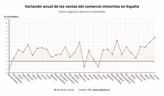Las ventas del comercio al por menor registraron un avance interanual del 6,2% en junio, una tasa 1,2 puntos superior a la del mes anterior, según datos publicados este martes por el Instituto Nacional de Estadística (INE).
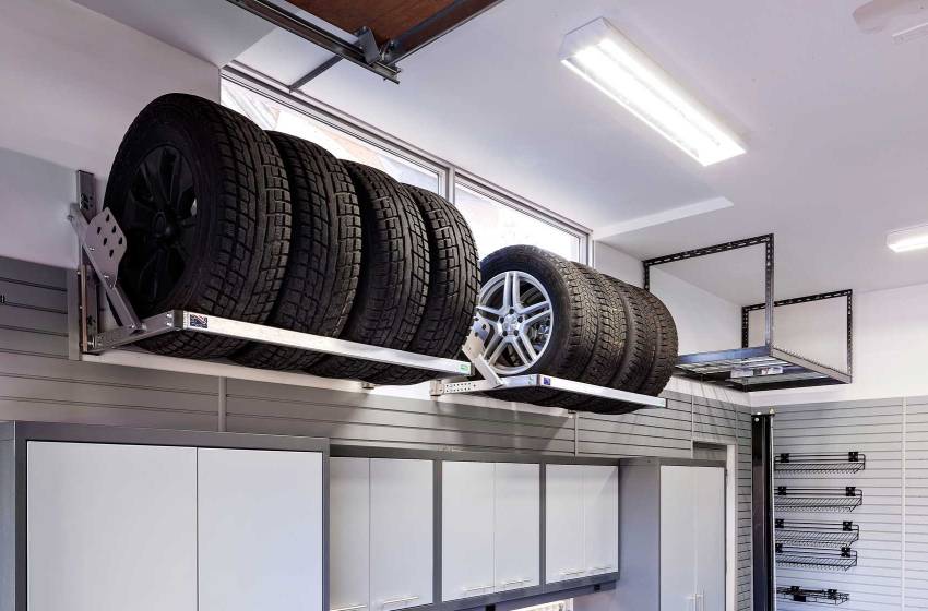 - специальные системы хранения колес помогут оптимизировать пространство в гараже.
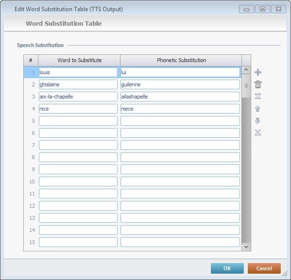 This feature can be used to replace TTS words of the same language (ex: replacing a word prompted in the standard language with the same word prompted in a regional accent) or it can be used to replace a word that, because of its foreign origin, is not prompted properly by the system (ex: a "welcome message" after login, that includes an operator surname that is not part of the defined TTS language. To avoid having a poorly prompted surname, use a TTS substitution to have it sound as it should).
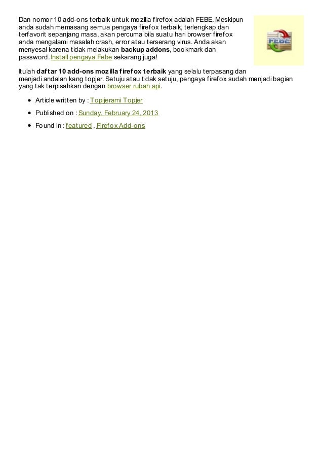 normalisasi: 10 Add Ons Firefox Terbaik Untuk Browser Mozilla

┄┄┄┄┄┄

* [About this exercise]
Leave the pictures out and return the rest of the material exactly.

* [Solution]
Las ventas del comercio al por menor registraron un avance interanual del 6,2% en junio, una tasa 1,2 puntos superior a la del mes anterior, según datos publicados este martes por el Instituto Nacional de Estadística (INE).
 - специальные системы хранения колес помогут оптимизировать пространство в гараже.
 This feature can be used to replace TTS words of the same language (ex: replacing a word prompted in the standard language with the same word prompted in a regional accent) or it can be used to replace a word that, because of its foreign origin, is not prompted properly by the system (ex: a "welcome message" after login, that includes an operator surname that is not part of the defined TTS language. To avoid having a poorly prompted surname, use a TTS substitution to have it sound as it should).
 normalisasi: 10 Add Ons Firefox Terbaik Untuk Browser Mozilla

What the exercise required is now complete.